Team members with the supercomputer
Macroscopic wavefunction of the atomic gap solitons localized in an optical lattice

Elena A. Ostrovskaya, Tristram J. Alexander, Pearl J. Louis, Beata Dabrowska, and Yuri S. Kivshar

For years physicists have studied the interaction of laser light with the regular atomic lattices of crystals. But what happens when the roles are reversed and the laser beam is made of atoms and the crystal is made of light? This is exactly the question that Scientists at the ANU are currently exploring.

The laser beam of atoms is created by cooling a gas to almost absolute zero. This causes its atoms to undergo a transition into a single quantum state known as a Bose-Einstein condensate (BEC). Such BECs can behave like giant coherent matter waves or laser beams composed of atoms. A fascinating feature of the atom laser beam is its inherent nonlinearity; due to atom-atom interactions it can display focusing or defocusing behaviour even in vacuum. To make the light crystal, scientists combine multiple coherent light beams so that the interference pattern forms an optical lattice - perfectly periodic and stationary arrays of microscopic high and low intensity regions that attract or repel the ultracold atoms.
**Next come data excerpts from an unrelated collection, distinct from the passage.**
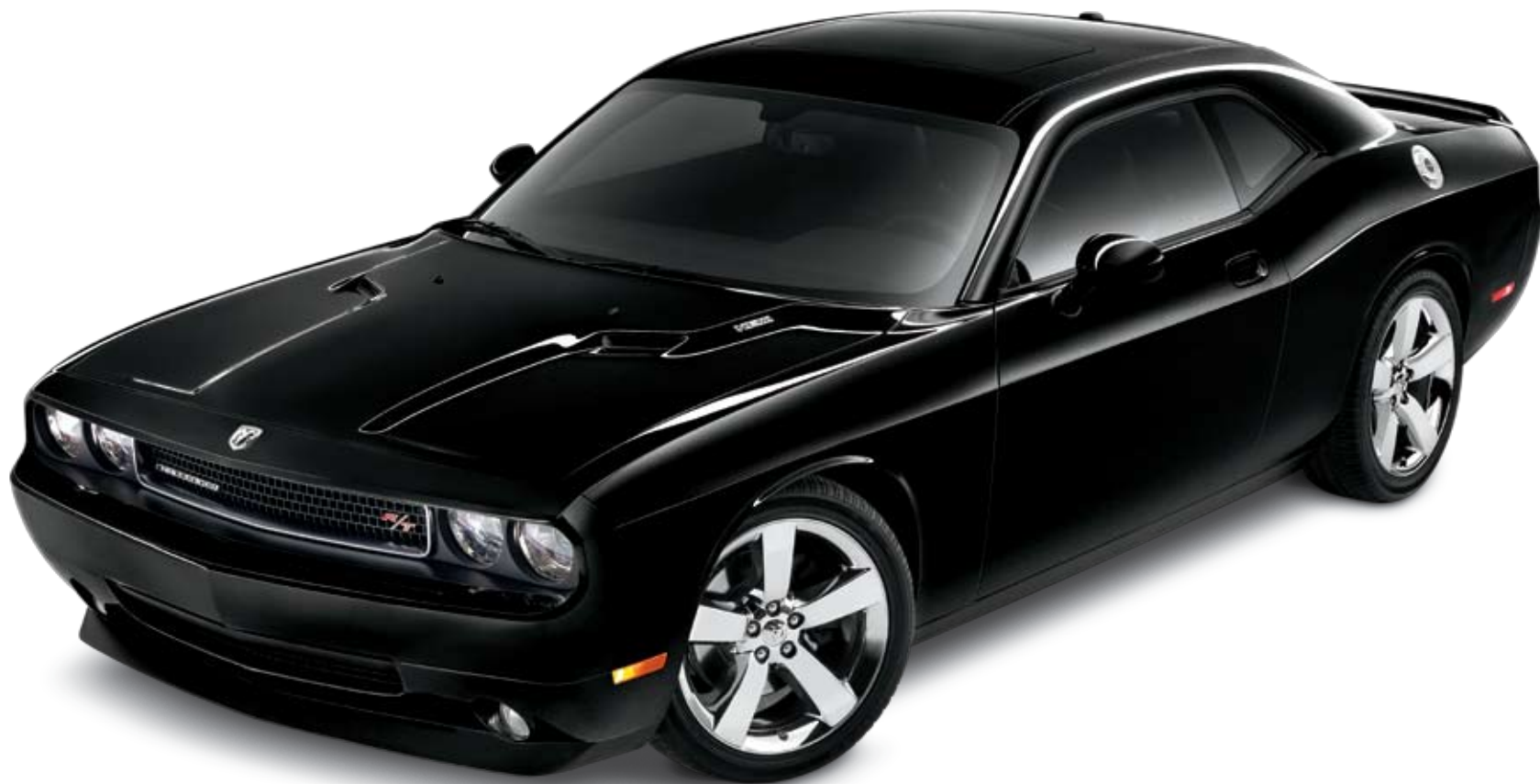
R/T shown in Brilliant Black Crystal Pearl.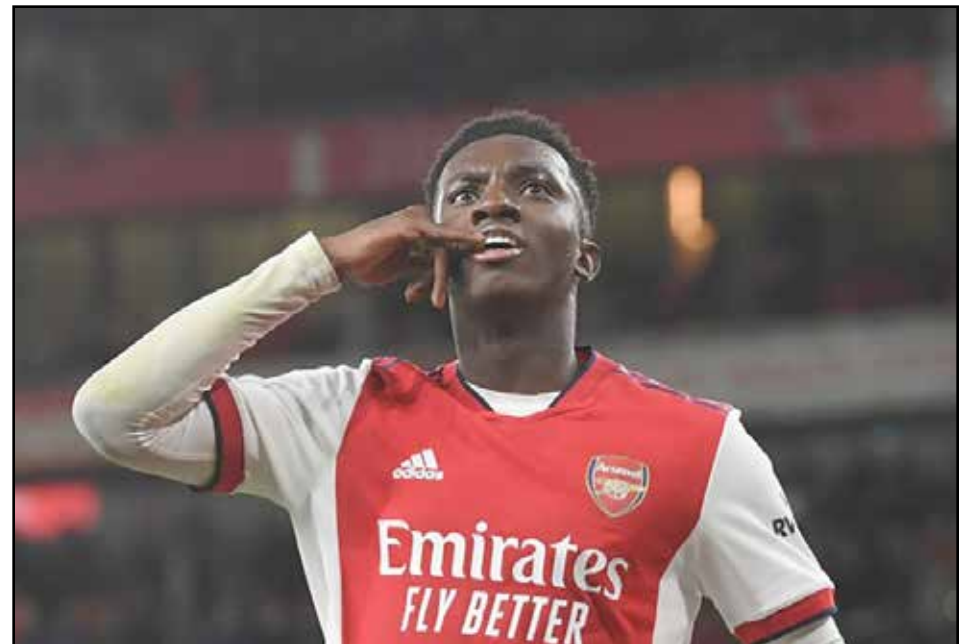
ARTETA ON NKETIAH "I regard him really highly and from my side I want him to stay."

"That contract situation is more and more common in football where we are coming from with Covid and a lot of the issues that we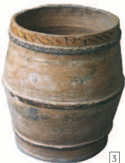
Pulque barril. Mestizo pottery.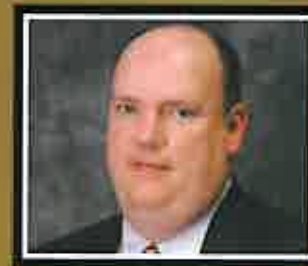
JAMES R. ANGELL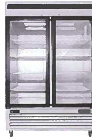
EFI Sales - 39.5" Double Glass Door Refrigerated Merchandiser - C2-39GDSVC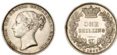
166 Shilling, 1863 (ESC 3022; S 3904). Lightly cleaned, otherwise about extremely fine, rare £300-£400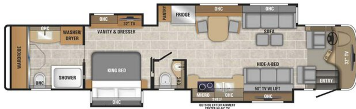
45W | OPTIONS: B AND C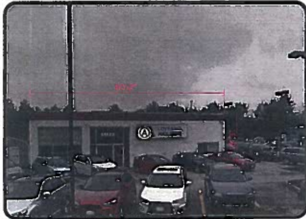
EXISTING - SIGN A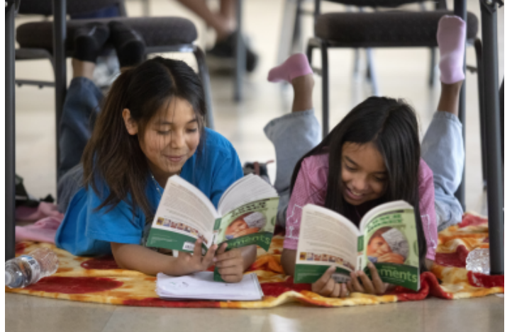
Reading and writing summer camp 2025.

Because of your support, these students are breaking barriers, pursuing dreams, and writing a new future with their families.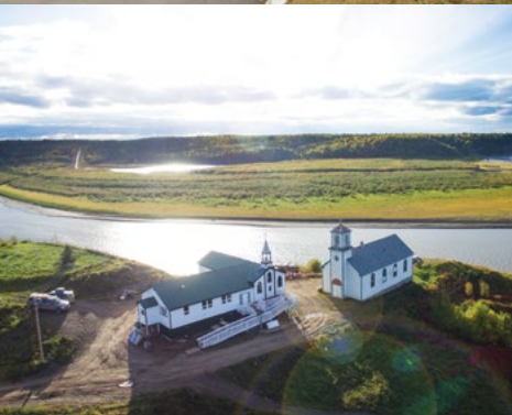
TSIGEHTCHIC, COULIN FIELD / NWTT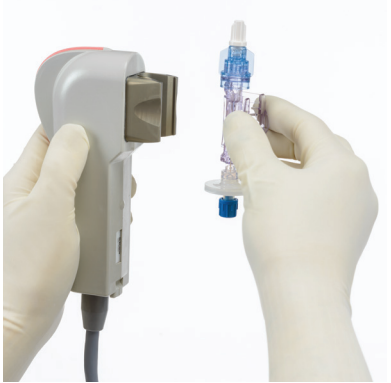
The shunt sensor is placed in the cable head.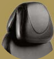
Aztec Headrest (Leather Only)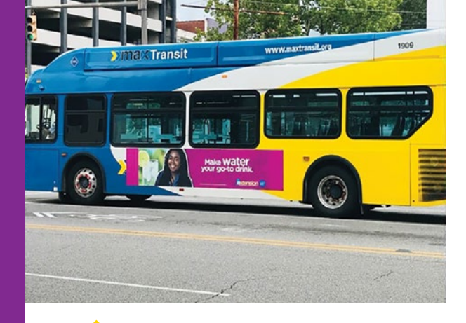
Alabama A&M's SNAP-Ed social marketing campaign through public transportation.

Alabama A&M partners with Auburn University to carry out a broad SNAP-Ed social marketing and advertising campaign that includes billboards and public transit signage. Billboards are placed in urban counties with over 11 million views, while bus signage is visible to 1 million riders.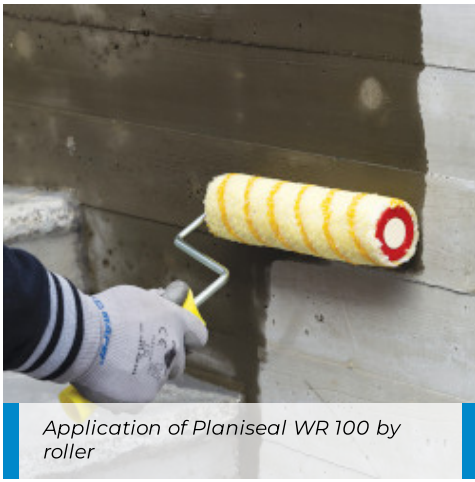
Application of Planiseal WR 100 by roller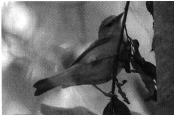
This Blue-winged Warbler, representing the Northern California Region's first fall record since 2001, was found near the Carmel River mouth in Monterey County 27 (here 28) October 2006. It remained through the period and over the winter.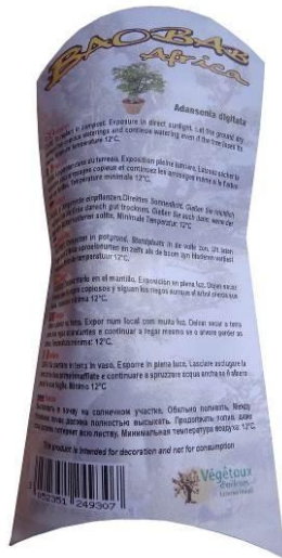
Kit Little Baobab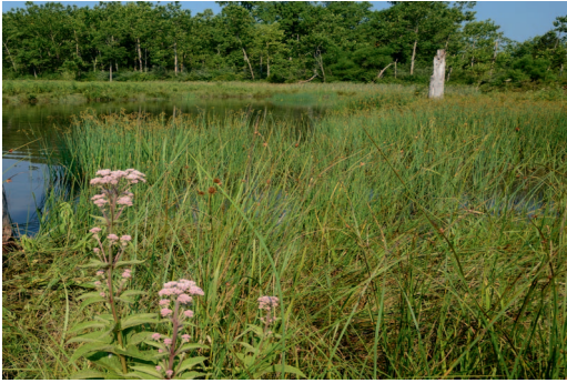
Figure 3. Muck fen (MF) habitat type on the edges of Muskrat Island (foreground) and Marshall Farm (background). Dominated by mixed graminoids; Eutrochium maculatum var. maculatum in foreground.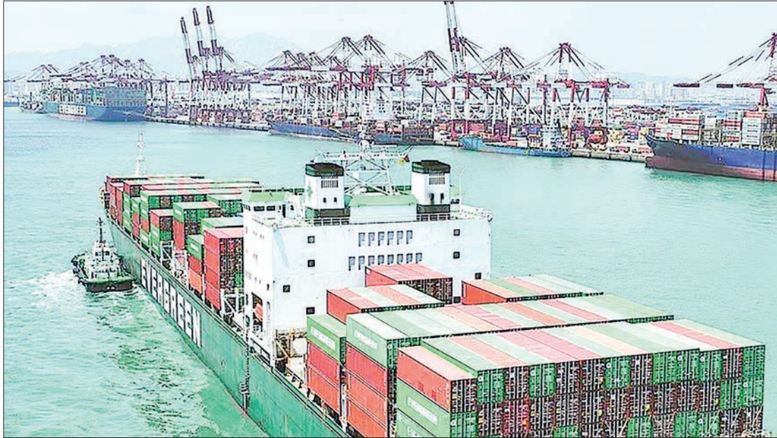
A container ship sails into the Qingdao Port on 2 June 2022.

THE booming orders at the beginning of 2023 mark a robust rebound in foreign trade in south China's Guangdong Province, a primary economic hub, injecting new impetus into the global economic recovery.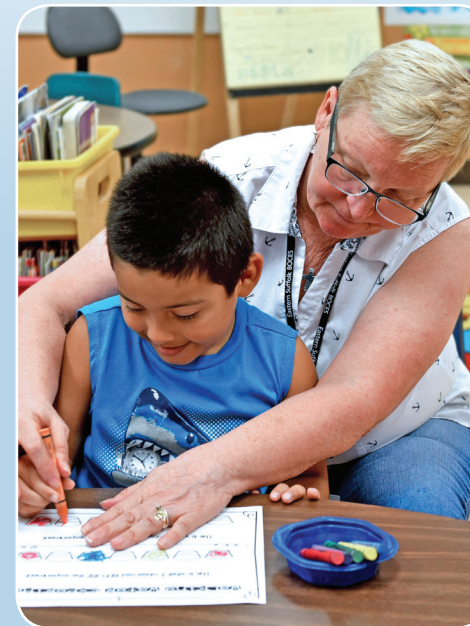
Educational Services That Transform Lives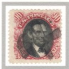
“X” cancel of Yokohama, Japan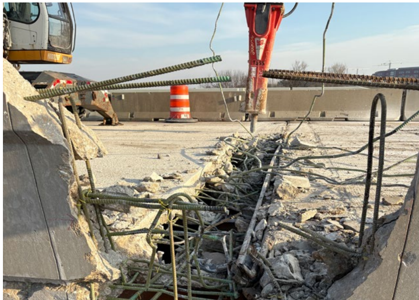
Above: Expansion joint replacement at westbound Sugar River bridge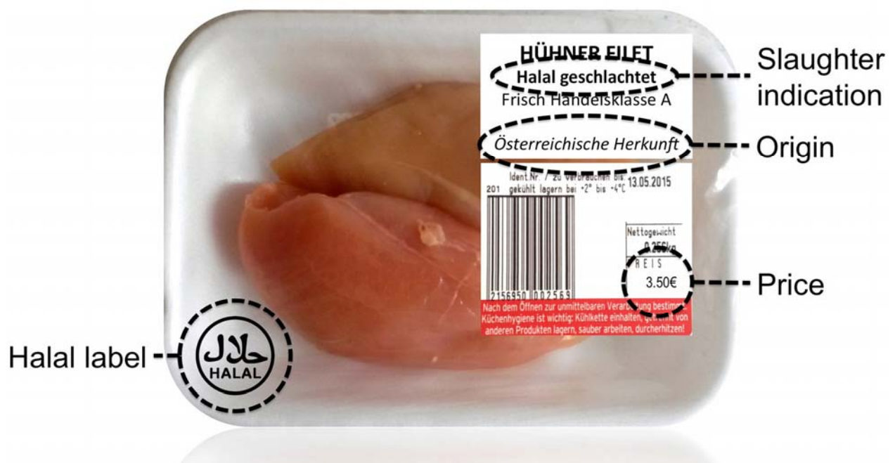
Figure 1. Stimulus card no. 4.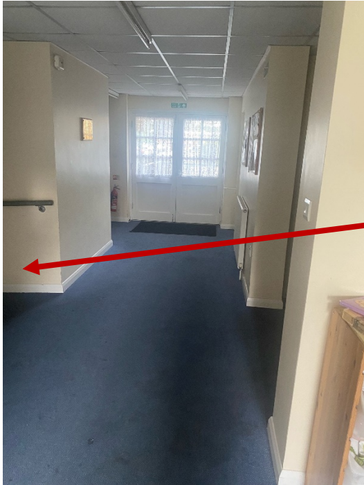
Front Door – internal view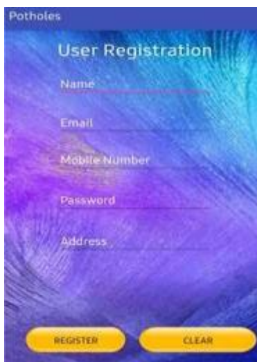
Figure 2. USER REGISTRATION PAGE

User Registration Page is the second page of the android application used for registration of the new users. In the android application once the user is registered to the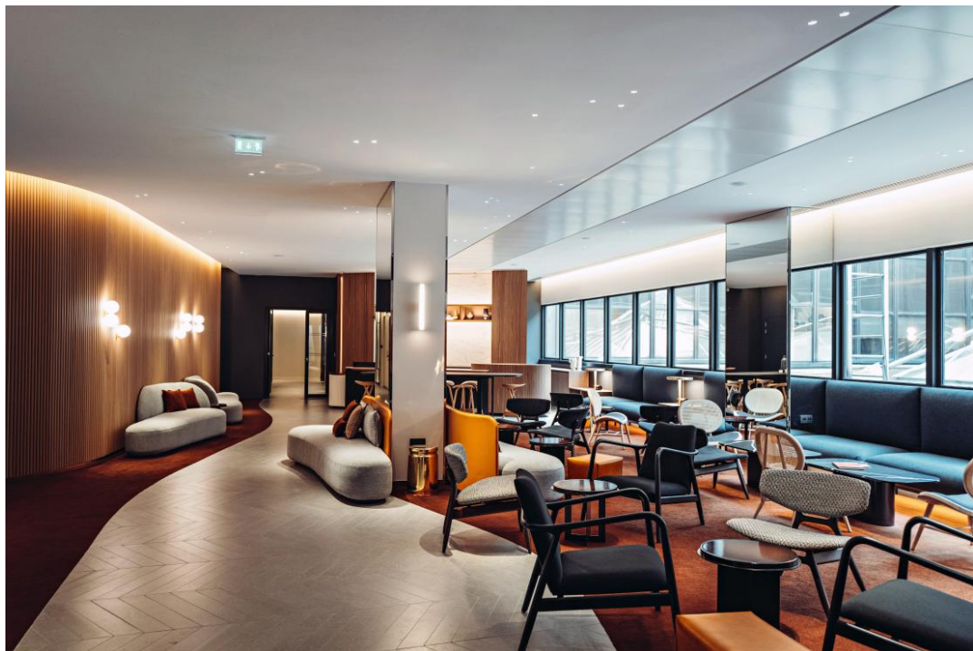
Louvre Saint-Honoré

In the Edouard VII complex, Stream has rolled over its lease on over 700 sq.m., and AFG has taken up 1,100 sq.m. under a 9-year non-cancellable lease, confirming the complex's alignment with market demand.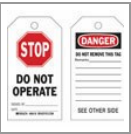
DANGER Hot Sign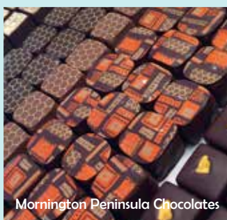
Mornington Peninsula Chocolates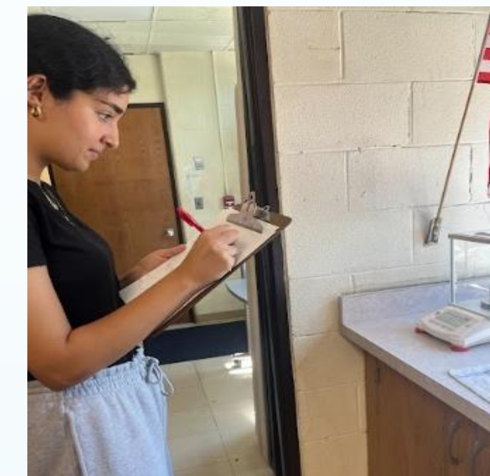
Student researcher collecting data on total solids.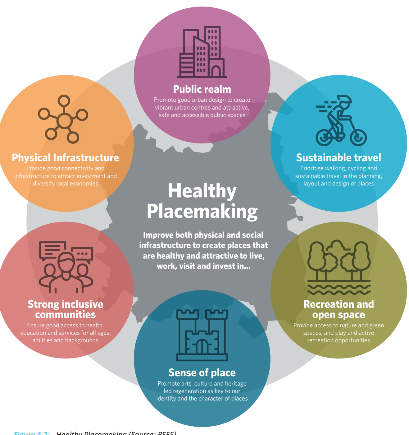
Figure 4.2: Healthy Placemaking

Healthy placemaking incorporates high quality urban design with promoting active lifestyles through good quality pedestrian and cycling links, particularly to and from places of work, education and recreation. The various strands of healthy placemaking, as taken from the RSES are illustrated in Figure 4.2. Healthy placemaking in DLR will require the application of a number of various policy objectives and guiding principles contained throughout this plan. In promoting high quality design and healthy placemaking, the plan has had regard to the policy and guidance contained in Appendix 12.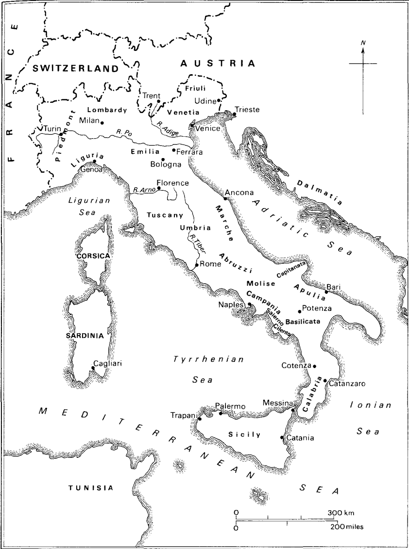
Italy in 1870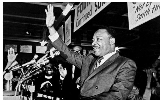
Rev. Dr. Martin Luther King Jr., Memphis, Tenn., March 28, 1968

Amazon warehouse workers and drivers began their recent historic, coordinated strike at facilities Dec. 19 in four California cities; Atlanta; Chicago; and Queens, New York. At midnight on Dec. 21, they were joined by members of the Amazon Labor Union at the JFK8 warehouse in Staten Island, New York, where the ALU won the first union election at Amazon in the U.S. in April 2022. JFK8 workers maintained a 24-hour picket line even as the temperature dropped to 13 degrees Fahrenheit.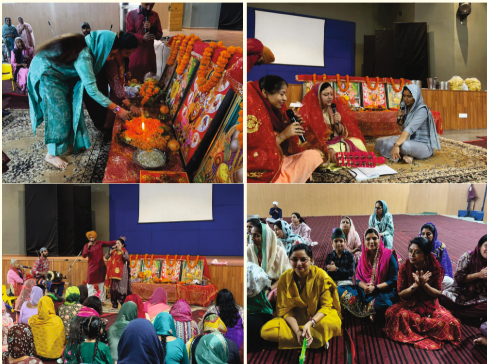
"Every morning is a fresh beginning; every prayer is a step toward purpose."

The new academic session at Mind Tree School began on a serene and auspicious note with a soulful Kirtan. The soothing hymns created an atmosphere of peace, positivity, and gratitude, setting the perfect tone for a meaningful year ahead. The gathering reflected harmony and spiritual grounding, inspiring everyone to begin the journey of learning with hope, focus and renewed energy.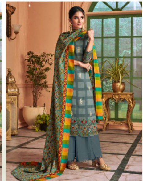
d.no : 2008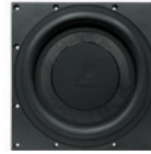
R10SUB SKU 93354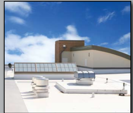
ChemGuard delivers high performance protection to any industrial building, even in harsh environments.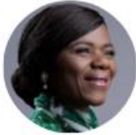
PROFESSOR THULI MADONSELA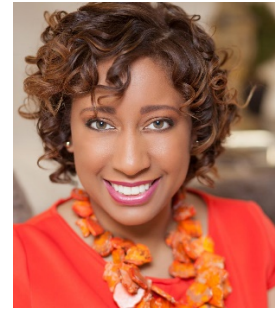
Elizabeth Trotman Foundation For The Carolinas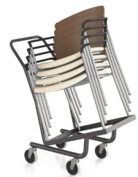
1899G/1899M Midsize/Bariatric 24 lbs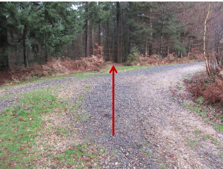
P6 Straight across T-junction Muddy path becomes more substantial path & eventually meets wider forest trail at T-junction. Ignore the trail & take minor path opposite junction. Short but lovely winding route in amongst trees.

Extra advice from Tony L: Path tries to take you right but actually need to be slightly left to go down & up slight dip with puddle at bottom. Comes out directly opposite the path in the p7 photo.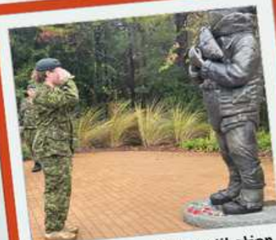
20 Transcendental Meditation Scholarships Awarded

One of the most intriguing predictions of the new ANU theoretical model is the existence of so called atomic gap solitons - stable localisations of the defocusing atomic beam within the light lattice that are induced by the combination of nonlinearity and nontrivial scattering of the matter wave. The theory has recently been given a boost by the first experimental observation of these atomic gap solitons in Konstanz, Germany. Other fascinating and counter intuitive prediction of the theory is that even a 'square' optical lattice can trap and sustain circular currents in condensates, BEC vortices. The lattice fragments the BEC into a regular array of condensate droplets but maintains the common circular particle flow.

The physics of BECs in optical lattices opens up novel possibilities of control and micro manipulation of matter waves by optical laser beams. It contributes into the foundation of amazing emerging technologies based on the principles of new cutting-edge science - quantum-atom optics.

Research Highlight Poster

(pdf - 312.6 KB)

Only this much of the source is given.